Last May, I had introduced into the Legislative Council of the Northern Territory a Bill for the establishment of a scheme for police cadets. While it is intended that this scheme will be open to all youths between the ages of 16 and 19, its primary aim is to attract Aboriginal youths into the Northern Territory Police Force. By bridging the period between the time a youth usually leaves school and the minimum age for recruitment as a constable, the scheme will, I hope, overcome the present problem of having to attract youths away from an established and at times better paying occupation into the Force. This legislation which was enacted by the Legislative Council at its August session, commenced operation on 23 September, 1 974.

In addition, the Public Service Board has approved a proposal for the employment of 12 Aborigines as police liaison assistants to be attached to 6 of the larger police stations in the Northern Territory. The stations are- Darwin, Alice Springs, Gove, Groote Eylandt, Katherine and Tennant Creek.

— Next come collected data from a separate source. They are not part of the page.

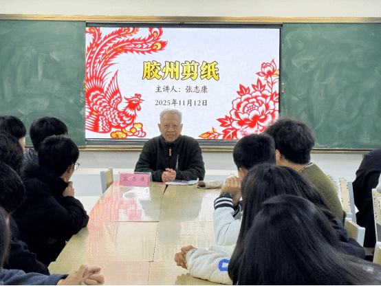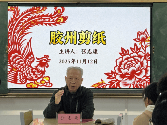 讲座中,张志康先生围绕胶州剪纸的历史渊源、多元风格、鲜明艺术特点及重要历史贡献四大核心内容展开。他结合自身数十年创作与研究经历,用生动的案例、详实的史料,追溯胶州剪纸在岁月长河中的发展脉络,解析其质朴灵动、题材广泛的风格特质,深入剖析剪纸作品中构图、刀法、寓意等方面的精髓,阐释其在民俗传承、文化交流中的重要作用。现场师生听得专注、问得踊跃,在互动交流中深化了对非遗文化的理解与认同。讲座结束后,同学们意犹未尽。
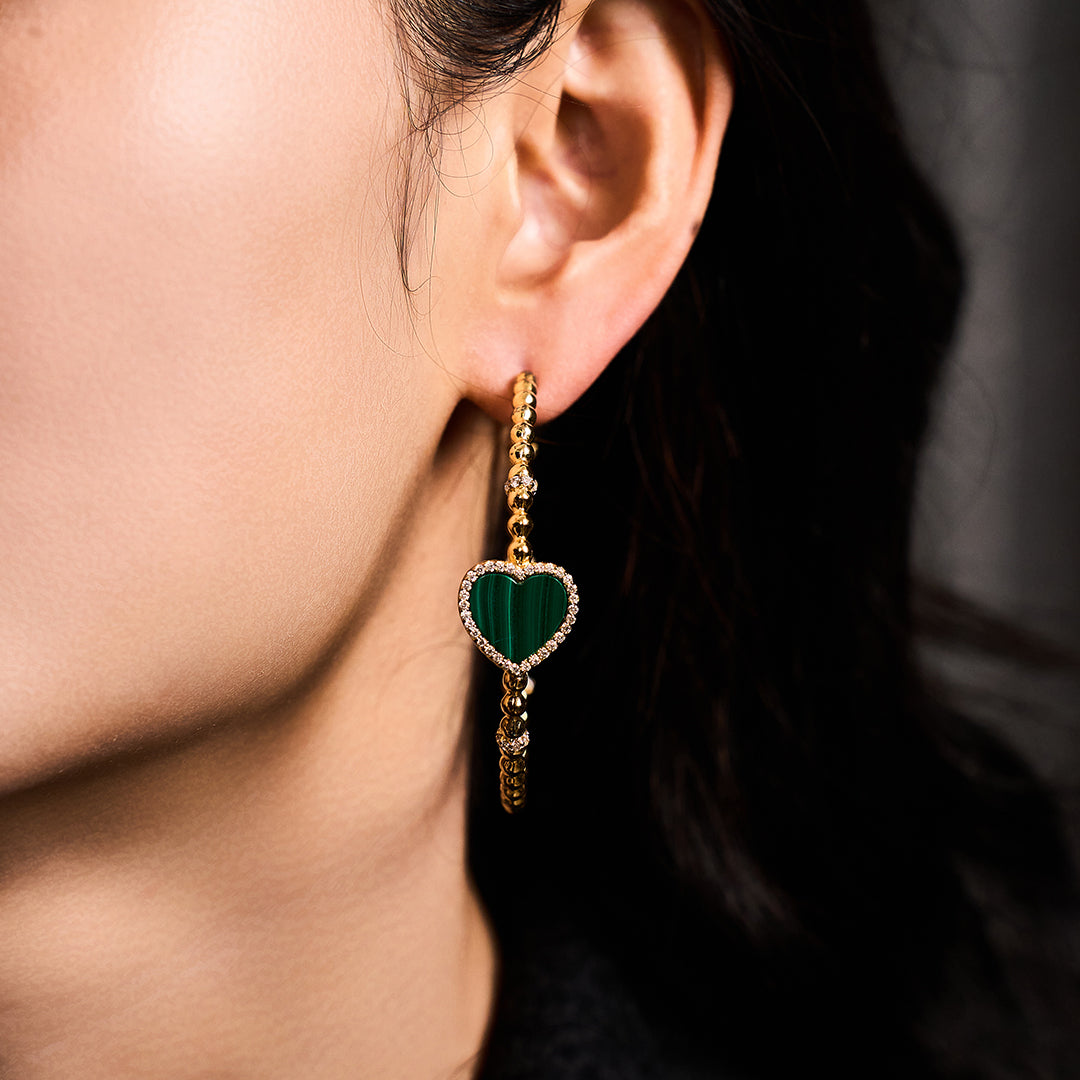 Featuring natural malachite set within brass and finished with 18k gold plating, the Love Heart Jewellery collection captures the vibrant beauty of this rare stone. Its distinctive green patterns bring a touch of individuality and sophistication, perfectly complementing the spirit of love and connection.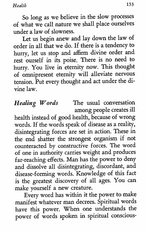 The usual conversation among people creates ill health instead of good health, because of wrong words. If the words speak of disease as a reality, disintegrating forces are set in action. These in the end shatter the strongest organism if not counteracted by constructive forces. The word of one in authority carries weight and produces far-reaching effects. Man has the power to deny and dissolve all disintegrating, discordant, and disease-forming words. Knowledge of this fact is the greatest discovery of all ages. You can make yourself a new creature.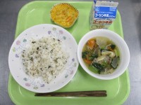 <今日の献立> ・ごまごはん ・鮭のちゃんちゃん焼き ・たまごのすまし汁 ・牛乳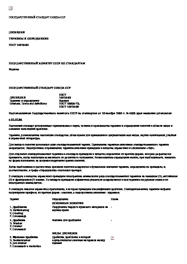 Наша цель состоит в том, чтобы предоставить вам быстрый доступ к содержанию документа Дробилки. Термины и определения.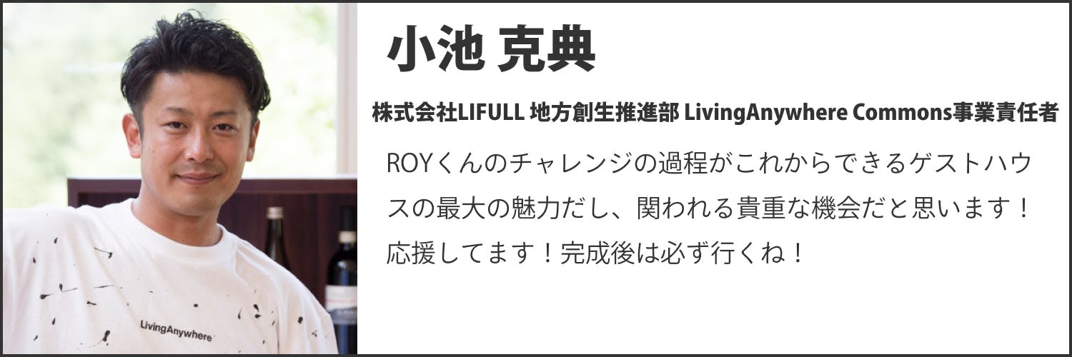 今回のプロジェクトの目的は、みなさまに資金を援助していただくだけではありません。僕が作る「人と日常にとけるCo-Living」をテーマにしたゲストハウス、”VACILANDO(ヴァシランド)”を一緒に作る当事者になっていただきたいです。ぜひ応援よろしくお願いいたします!
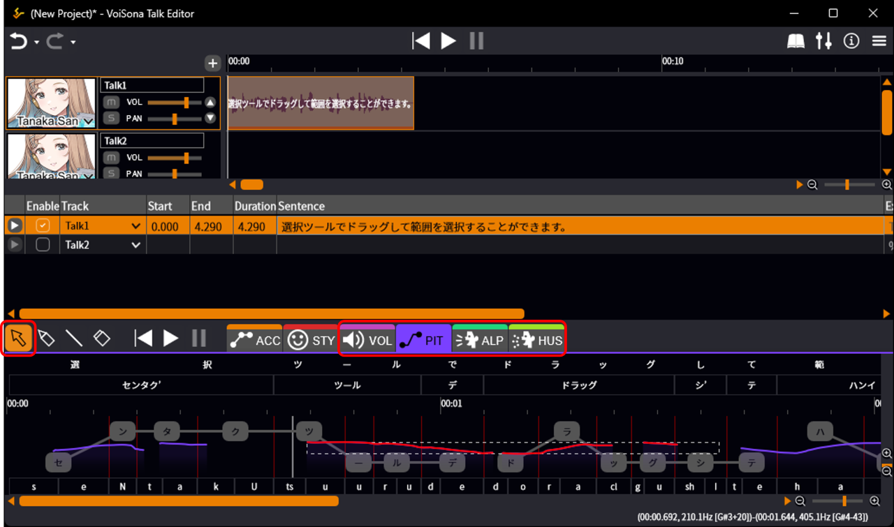 - Merge accent phrases Click when the cursor changes to a bind icon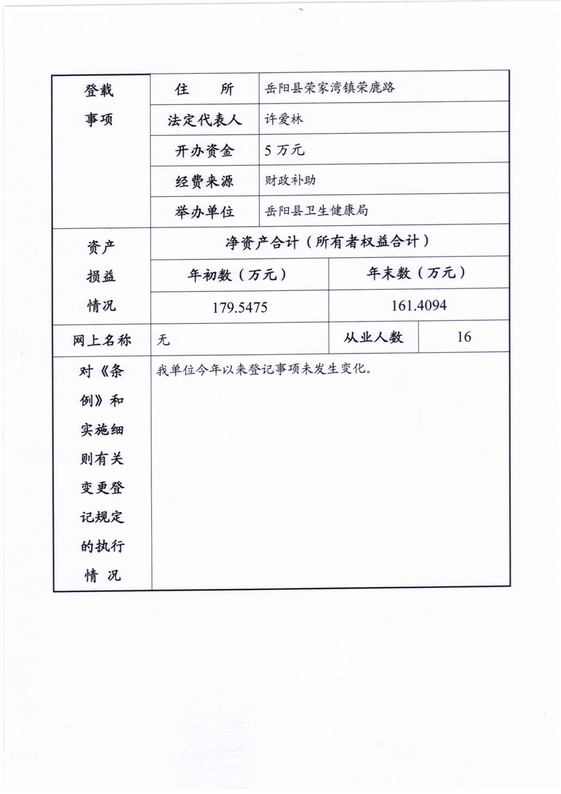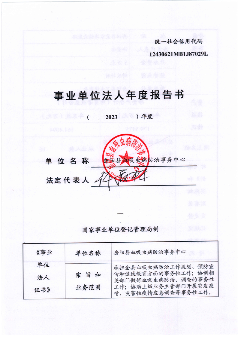 岳阳县卫生健康局县血吸虫病防治事务中心年度报告书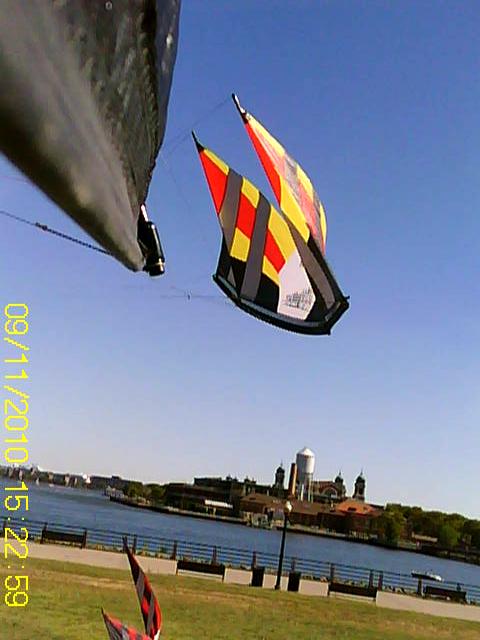 Rev KAP view from Laura's kite of (to to bottom) Wayne and Jose, and Ellis Island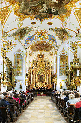 Die Pläne dazu stammten von Wolfgang Dientzenhofer, bei dem auch die Bauleitung lag. Das von diesem geschaffene „Rundell“ (Wiltmaister) erfuhr 1758 eine völlige Umgestaltung, mit der der Rokokostil in Amberg Einzug hielt. Während die Innenausstattung in der Hand Amberger Meister lag, so übernahm Franz Joachim Schlott die Bildhauer- und Schreinerarbeiten, konnte die damalige Superiorin Angela Viktoria von Orban den Hofmaler Gottfried Bernhard Götz für die Freskierung gewinnen.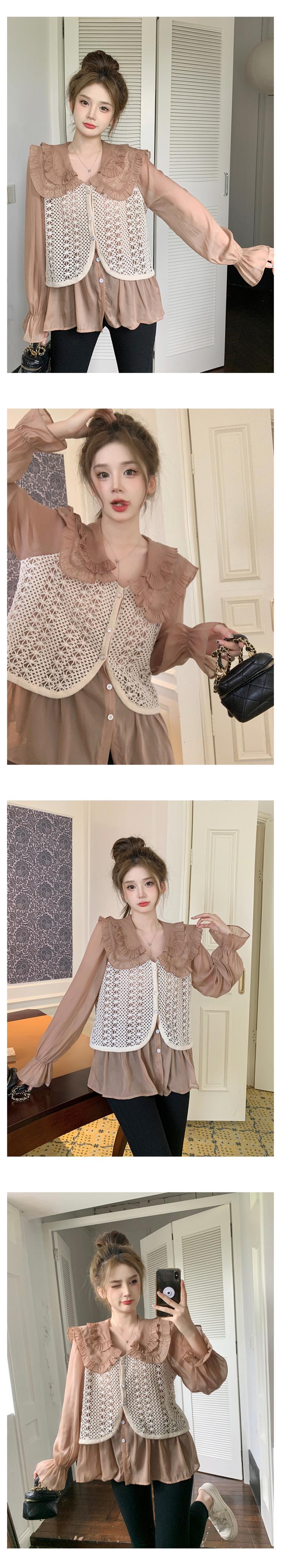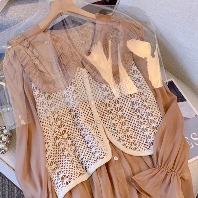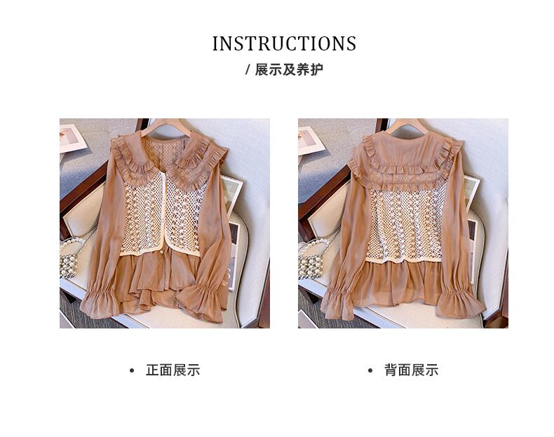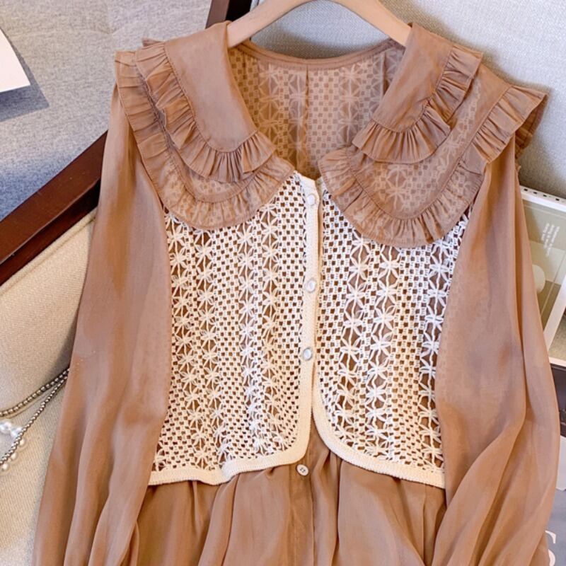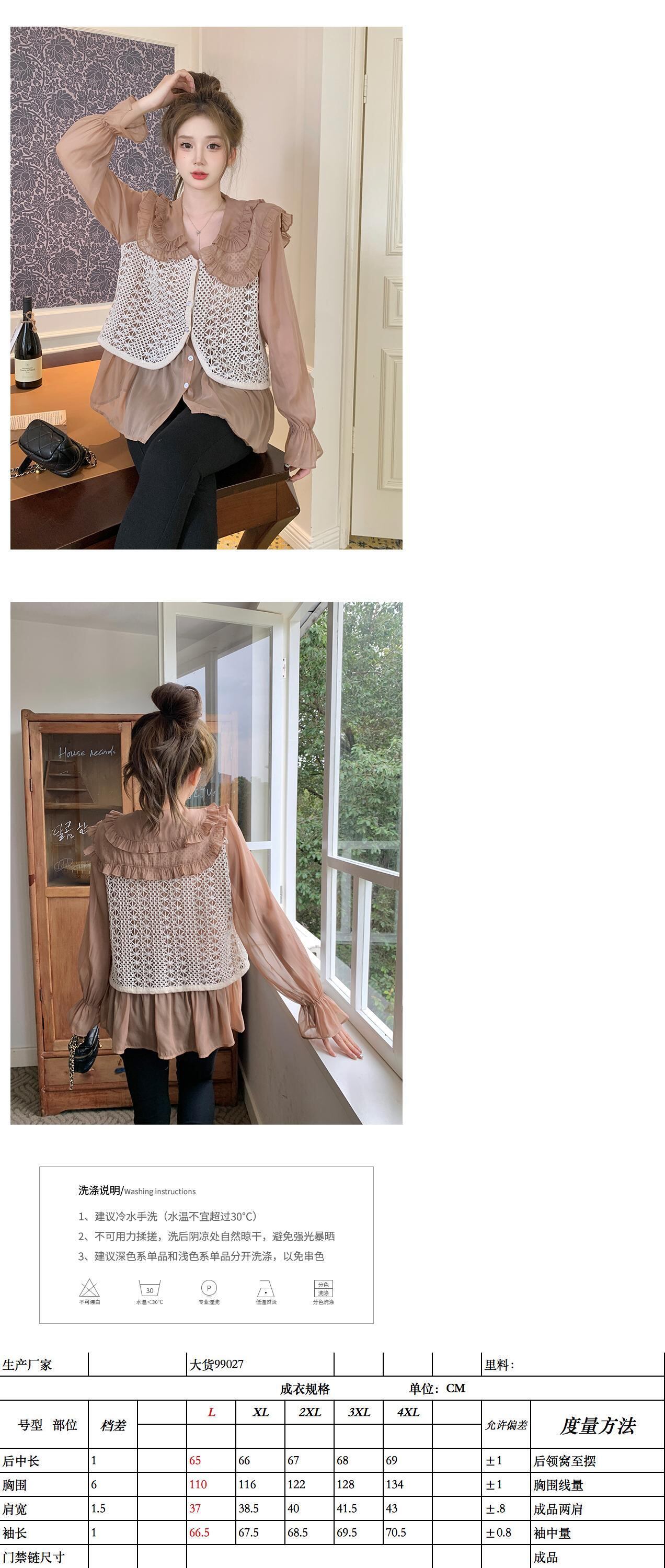 大きいサイズの婦人服 2023 春の新作服 ファットシスターズ 新作 フェイク二枚甘い 引き締め人形の襟 長袖 シフォンシャツ ロング 大きめサイズ 大人ガーリー スウィート キュート カジュアル スプリング 春物 8884129284472290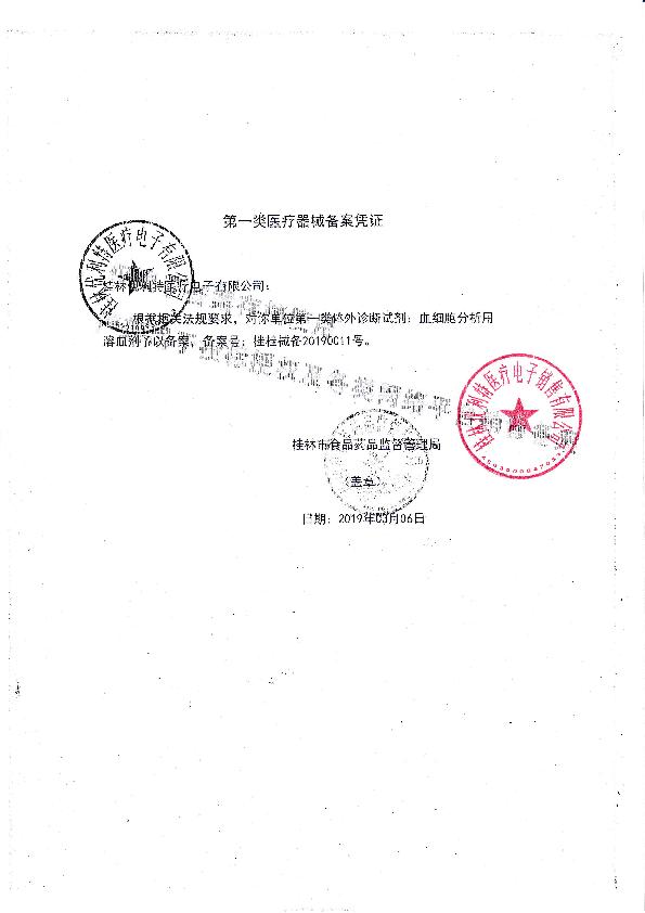 桂桂食药监械生产备20150006号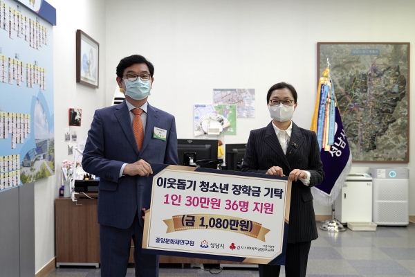 성남시에 재단법인 중앙문화재연구원이 5월 29일 성남시에 1080만원의 장학기금을 맡겼다.시는 이날 오후 2시 시장 집무실에서 은수미 성남시장과 조상기 중앙문화재연구원장 등이 참석한 가운데 ‘청소년 장학금 전달식’을 했다.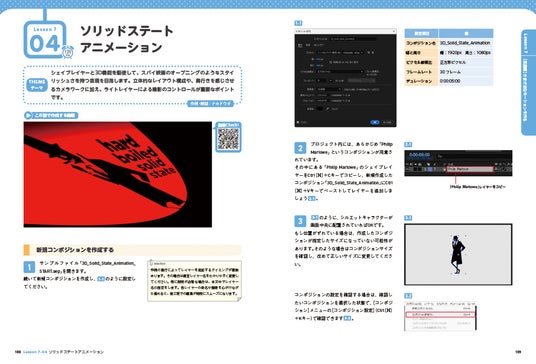 本書は基礎編と発展編の2部構成になっており、基礎編では1つのモーショングラフィックス作品を制作する過程を通じて、After Effectsの基本操作と知識を体系的に学びます。解説と連動した動画も用意されているので、つまずきやすいポイントもしっかりサポートされています。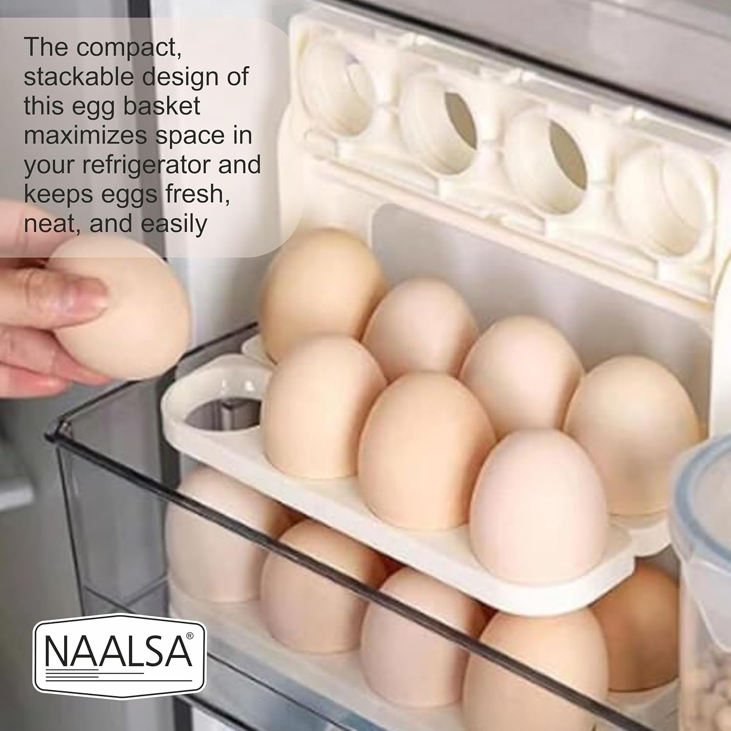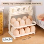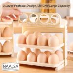 NAALSA SUNNY Egg tray for fridge, 24 Eggs Capacity, 3-Layer Stackable Organizer, Foldable Design, egg box, egg basket, egg holder (IVORY COLOR)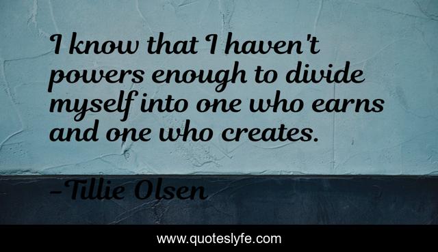 This page presents the quote "I know that I haven't powers enough to divide myself into one who earns and one who creates.". Author of this quote is Tillie Olsen. .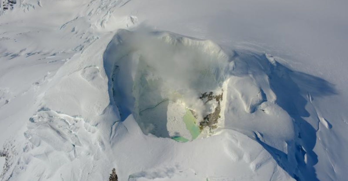 Durante el reciente grupo de actividad volcánica, se formó un nuevo lago caliente en la cima del Mount Spurr, derritiendo hielo y nieve mientras el calor ascendía desde abajo.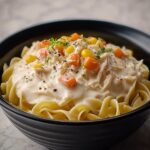 This Creamy Ranch Chicken & Noodles recipe combines tender chicken pieces with rich, flavorful ranch seasoning and a creamy Parmesan sauce, all simmered together with egg noodles for a comforting and easy-to-make weeknight dinner.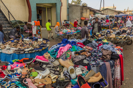 GONDAR, ETHIOPIA - MARCH 13, 2019: Shoe stalls at a market in Gondar, Ethiopia.

The object will be to fill these positions with mature persons (both men and women) who have a respected status in the Aboriginal community in these areas where they are stationed. Their duties will be to assist Aborigines who are brought into the police station. While the assistants will not have any police powers they will act as interpreters; they will endeavour to ensure that persons brought into the station understand the charges laid against them and will generally attend to the welfare of Aborigines in police custody. In addition, the assistants will perform work of a clerical nature at the station to which they are attached and as required may act as interpreters in the court. Details of a six week training course have been finalised and recruitment is proceeding with the assistance of the Department of Aboriginal Affairs. An announcement of successful applicants will be made in the near future.

I also recognise the need stated by the honourable senator for ‘the training of both the legal profession and magistrates in an understanding of Aboriginal culture, law and way of life where those legal practitioners or magistrates are involved in trials involving Aboriginals’. From time to time, seminars and other courses are held in various parts of Australia which deal with Aboriginal customs and problems associated with Aboriginals and the law. It has been and is my policy to ensure that legal officers of the Department and magistrates stationed in the Northern

Territory participate in such activities. In July, the Chief Magistrate for the Territory, a brother magistrate and two senior officers of the Department attended a seminar on ‘Aboriginals and the law’ conducted by Monash University, Melbourne. More recently, the Northern Territory Police Commissioner and two senior Departmental officers attended a conference on Community Relations in Alice Springs convened by the Australian Frontier Organisation. While I cannot speak for lawyers in the private sector of the profession in the Territory, I have no doubt that they too see the need to understand and appreciate the problems confronting Aborigines appearing before the courts.

The problems I have mentioned are not, of course, confined to the Northern Territory. The honourable senator and the Senate may be assured that I will endeavour to see that the States adopt similar measures to assist Aborigines in their dealings with the law.